8. Returned Goods. Buyer may not cancel any order without CAMAG’s written consent. No products shipped under this contract may be returned without the express prior written authorization of
CAMAG and all products must be returned with CAMAG’s approved Product Return Authorization form. Title to the returned products shall pass to CAMAG upon delivery of the products to
CAMAG’s facilities. The products shall be returned in their original containers with the original CAMAG label affixed and unaltered in form and content. All product returns are subject to a
restocking charge. No returns will be authorized after 120 days following shipment to Buyer. Products subject to FDA or other governmental regulation and/or cGMP processing requirements are
not eligible for cancellation or return.
9. Governing Law and Arbitration. This contract shall be governed by and construed in accordance with the laws (other than those relating to conflict of laws questions) of the State of North
Carolina. Any and all disputes or controversies arising under, out of or in connection with this contract or the sale or performance of the products or services, except for collection matters, shall be
resolved by final and binding arbitration in Wilmington, NC under the rules of the American Arbitration Association then obtaining. The arbitrators shall have no power to add to, subtract from or
modify any of the terms or conditions of this contract. Any award rendered in such arbitration may be enforced by either party in either the courts of the State of North Carolina or in the United
States District Court for the State of North Carolina, to whose jurisdiction for such purposes CAMAG and Buyer each hereby irrevocably consents and submits.

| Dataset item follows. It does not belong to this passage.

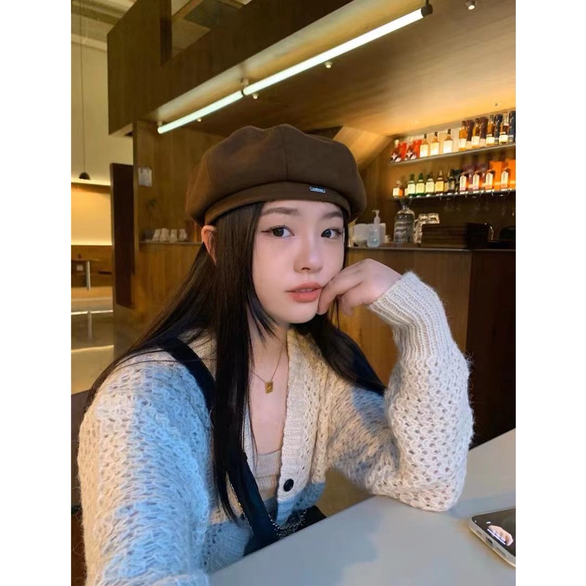 MORPHY Topi Baret Wanita CANVAS Newsboy Hat Flat Cap Kanvas Vintage Gaya Pelukis Aesthetic Retro Musim Gugur dan DinginK

10. Force Majeure. Neither party hereto shall be in default in the performance of its obligations hereunder (other than its obligation to make any payment of money hereunder), or be liable in
damages or otherwise for any failure or delay in performance which is due to causes beyond its reasonable control. Either party affected by such an event shall promptly give notice to the other,
stating the nature of the event, its anticipated duration and action being taken to avoid or minimize its effect. Neither party hereto shall be required to grant any demand or request to bring to an end
any strike or other concerted act of workmen. If, at Buyer’s request or for any reason for which Buyer is responsible, the production or shipment of products is delayed, CAMAG may immediately
invoice Buyer for the products produced, and costs and expenses incurred up to the time of the delay.
11. Publicity and Proprietary Rights. CAMAG, or its affiliates, is the owners of certain proprietary brand names, trademarks, trade names, logos and other intellectual property. Except as otherwise
expressly permitted by CAMAG, no use of CAMAG’s or its affiliates’ brand names, trademarks, trade names, logos or other intellectual property is permitted, nor the adoption, use or registration of
any words, phrases or symbols so nearly resembling any of CAMAG's or its affiliates’ brand names, trademarks, trade names, logos or other intellectual property as to be likely to lead to confusion
or uncertainty, or to impair or infringe the same in any manner, or to imply any endorsement by CAMAG of another entity’s products or services. Any marketing, promotion or other publicity
material, whether written or in electronic form, that refers to CAMAG, its affiliates, their products, or to these Terms and Conditions of Sale must be approved by CAMAG prior to its use or release.